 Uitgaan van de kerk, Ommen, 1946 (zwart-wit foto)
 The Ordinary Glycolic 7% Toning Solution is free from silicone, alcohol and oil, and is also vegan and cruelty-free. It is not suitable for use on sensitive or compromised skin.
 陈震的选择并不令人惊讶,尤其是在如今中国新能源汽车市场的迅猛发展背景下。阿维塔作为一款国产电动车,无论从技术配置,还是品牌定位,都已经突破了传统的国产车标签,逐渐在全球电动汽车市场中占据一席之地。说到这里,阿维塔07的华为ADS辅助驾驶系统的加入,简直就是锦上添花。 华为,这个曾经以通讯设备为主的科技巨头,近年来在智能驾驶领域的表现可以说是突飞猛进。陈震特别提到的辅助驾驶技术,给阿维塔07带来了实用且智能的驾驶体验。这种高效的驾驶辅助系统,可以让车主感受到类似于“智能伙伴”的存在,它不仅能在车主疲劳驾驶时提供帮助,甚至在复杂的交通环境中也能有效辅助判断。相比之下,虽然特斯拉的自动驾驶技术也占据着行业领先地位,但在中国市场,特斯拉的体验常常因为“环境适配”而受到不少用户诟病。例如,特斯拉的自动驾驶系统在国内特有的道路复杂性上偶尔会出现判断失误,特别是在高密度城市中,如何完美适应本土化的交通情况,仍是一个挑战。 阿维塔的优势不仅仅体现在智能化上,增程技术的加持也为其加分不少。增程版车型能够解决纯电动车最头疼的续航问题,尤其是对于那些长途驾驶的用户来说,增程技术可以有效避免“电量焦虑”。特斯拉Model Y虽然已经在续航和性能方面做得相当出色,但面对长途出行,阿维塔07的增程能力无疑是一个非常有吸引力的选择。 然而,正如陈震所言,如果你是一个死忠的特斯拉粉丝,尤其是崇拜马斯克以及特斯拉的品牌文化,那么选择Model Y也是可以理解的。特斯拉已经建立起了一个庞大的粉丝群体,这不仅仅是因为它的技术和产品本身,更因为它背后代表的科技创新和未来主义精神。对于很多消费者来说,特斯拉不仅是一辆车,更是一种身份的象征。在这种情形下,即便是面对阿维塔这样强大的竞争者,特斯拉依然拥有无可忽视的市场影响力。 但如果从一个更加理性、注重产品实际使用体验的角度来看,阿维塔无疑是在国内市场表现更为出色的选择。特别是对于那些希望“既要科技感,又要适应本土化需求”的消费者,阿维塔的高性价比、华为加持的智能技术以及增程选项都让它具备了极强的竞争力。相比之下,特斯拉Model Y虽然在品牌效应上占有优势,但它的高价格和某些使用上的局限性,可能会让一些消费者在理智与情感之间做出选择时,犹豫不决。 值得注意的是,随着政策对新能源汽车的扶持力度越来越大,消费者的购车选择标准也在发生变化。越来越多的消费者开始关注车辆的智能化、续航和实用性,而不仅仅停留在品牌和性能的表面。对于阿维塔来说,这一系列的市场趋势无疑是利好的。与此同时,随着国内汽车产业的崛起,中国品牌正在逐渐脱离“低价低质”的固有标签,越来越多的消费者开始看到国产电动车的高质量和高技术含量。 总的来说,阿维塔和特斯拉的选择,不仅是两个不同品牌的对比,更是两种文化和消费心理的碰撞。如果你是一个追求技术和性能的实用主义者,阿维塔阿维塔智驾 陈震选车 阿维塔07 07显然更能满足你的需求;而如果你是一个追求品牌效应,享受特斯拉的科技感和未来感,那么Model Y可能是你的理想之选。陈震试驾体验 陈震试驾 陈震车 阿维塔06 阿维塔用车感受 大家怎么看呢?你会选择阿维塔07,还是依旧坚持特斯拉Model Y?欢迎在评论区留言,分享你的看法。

•••

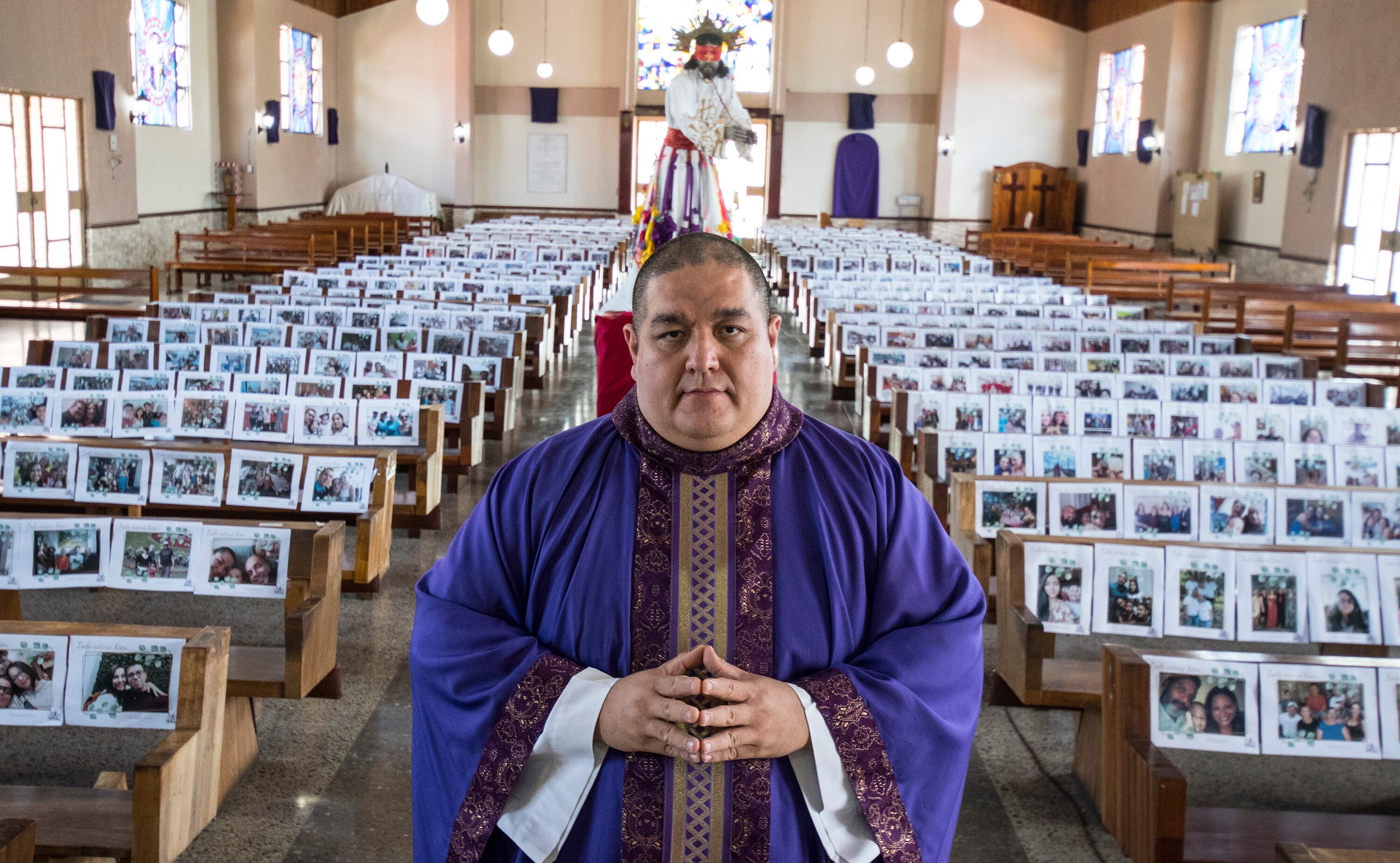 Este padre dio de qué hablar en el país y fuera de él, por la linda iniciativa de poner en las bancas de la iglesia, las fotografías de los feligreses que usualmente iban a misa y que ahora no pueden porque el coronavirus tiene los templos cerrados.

•••

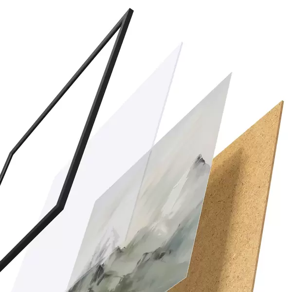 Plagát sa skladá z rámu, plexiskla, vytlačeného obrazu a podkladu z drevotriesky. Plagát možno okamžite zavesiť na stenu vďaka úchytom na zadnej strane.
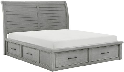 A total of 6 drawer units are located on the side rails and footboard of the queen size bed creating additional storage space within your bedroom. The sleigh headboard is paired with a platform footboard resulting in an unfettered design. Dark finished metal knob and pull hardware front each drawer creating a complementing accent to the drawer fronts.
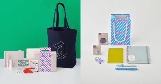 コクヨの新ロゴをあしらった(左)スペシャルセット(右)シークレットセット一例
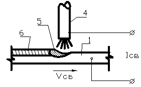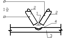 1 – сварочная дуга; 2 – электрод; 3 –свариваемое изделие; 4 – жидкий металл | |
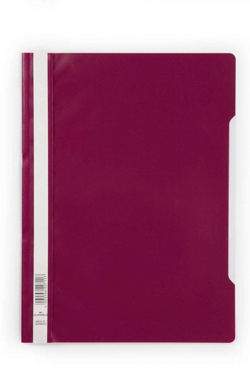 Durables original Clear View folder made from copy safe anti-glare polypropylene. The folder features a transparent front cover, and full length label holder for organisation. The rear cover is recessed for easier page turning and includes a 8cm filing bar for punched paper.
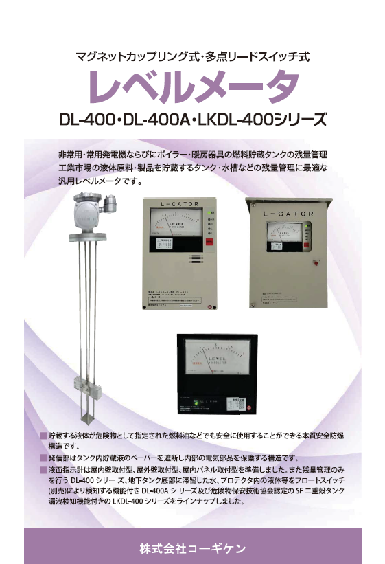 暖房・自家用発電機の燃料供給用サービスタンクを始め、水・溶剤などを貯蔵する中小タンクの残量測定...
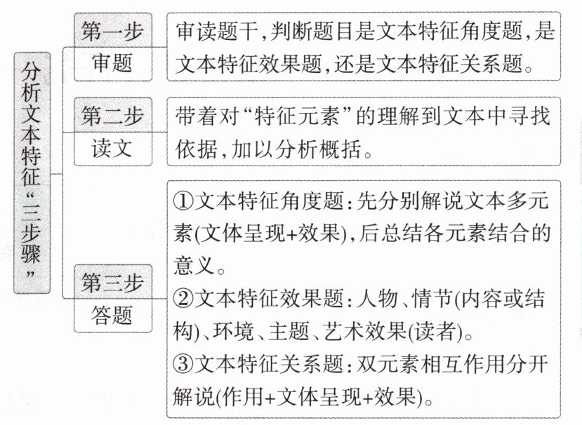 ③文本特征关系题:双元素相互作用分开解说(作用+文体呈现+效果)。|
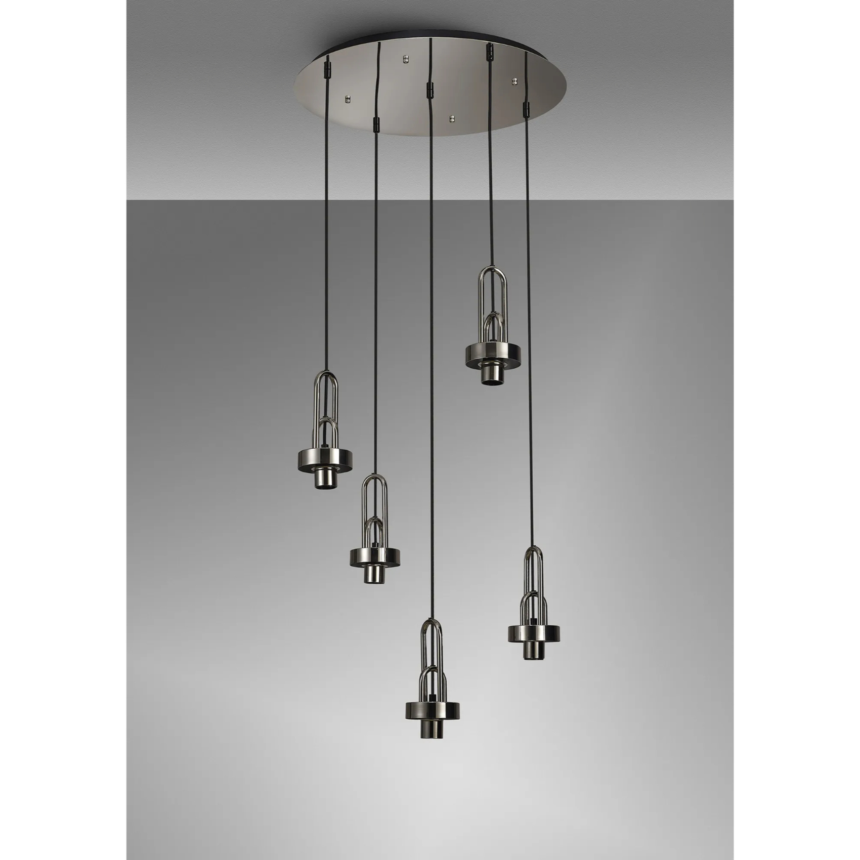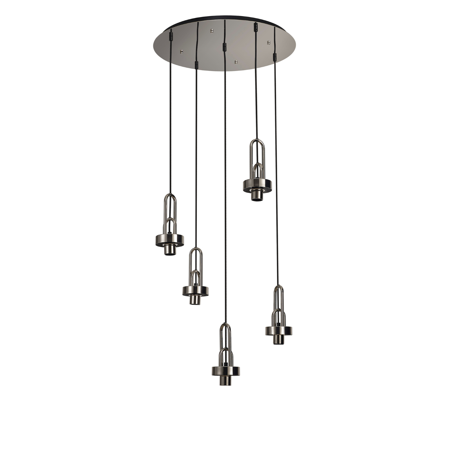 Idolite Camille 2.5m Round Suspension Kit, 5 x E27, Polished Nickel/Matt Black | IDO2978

•••

◆ ABOUT THIS TASK ◆
An exact transcription is needed of the lines from the one with "コクヨの新ロゴをあしらった(左)スペシャルセット(右)シークレットセット一例" to the one with "1 – сварочная" above, both ends included, with pictures left out.

◆ REPLY TO THE EXERCISE ◆
 コクヨの新ロゴをあしらった(左)スペシャルセット(右)シークレットセット一例
 1 – сварочная дуга; 2 – электрод; 3 –свариваемое изделие; 4 – жидкий металл | |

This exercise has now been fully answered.